## Exercise brief
The answer must consist solely of the lines from the line with "Once a month, I" to the final line of the data below, reproduced exactly, pictures omitted.

─── Data excerpt

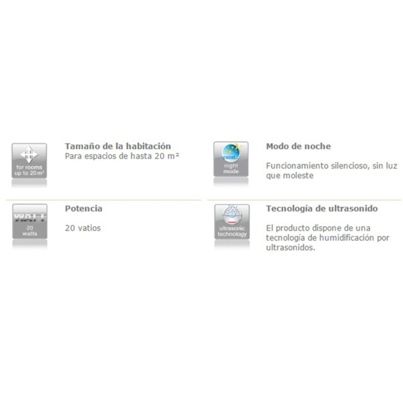 E hum com micropulverizer umidificação fazer tecnologia de ar, ideal para 20m2 quartos comia. He incorpora tecnologia de papel ou dá de ultra-sons: dados de alta frequência Vibrações que as gotículas de Gera de superfície de água. Com esta tecnologia humidificação, esta Unidade consumo é ou de calma e Baixo (de energia Poupança: apenas 20 W) com o banco de power-piggy mínimo humidificação energia foi de 200 ml / h, E realmente notável.
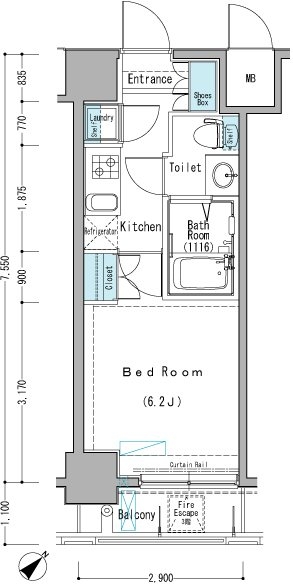 | 専有面積 | 22.02m² | バルコニー面積 | |
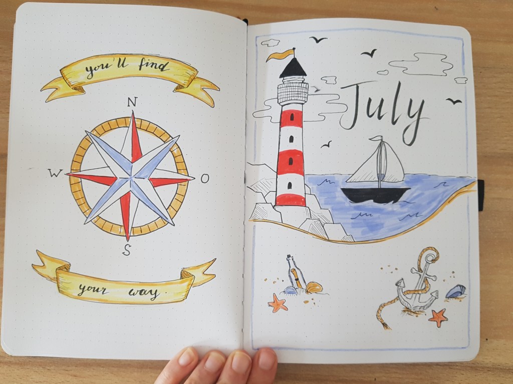 Once a month, I then setup for the coming month. For me that entails a cover page, the monthly calendar and the first weekly. The monthly cover page serves no real purpose and is thus entirely skippable – I, however, enjoy it as an artistic separator of the months and will do one unless I am not in the mood for drawing. These are some example cover pages that I really liked:
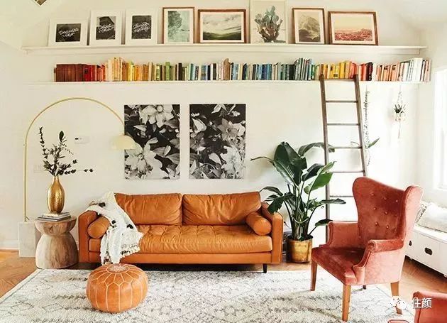 也可以做成搁板墙,书籍、装饰画、绿植类都可以放在这儿,伸手就能拿到,阅读的时间也不会遥遥无期了。

──────

## Completed task
 Once a month, I then setup for the coming month. For me that entails a cover page, the monthly calendar and the first weekly. The monthly cover page serves no real purpose and is thus entirely skippable – I, however, enjoy it as an artistic separator of the months and will do one unless I am not in the mood for drawing. These are some example cover pages that I really liked:
 也可以做成搁板墙,书籍、装饰画、绿植类都可以放在这儿,伸手就能拿到,阅读的时间也不会遥遥无期了。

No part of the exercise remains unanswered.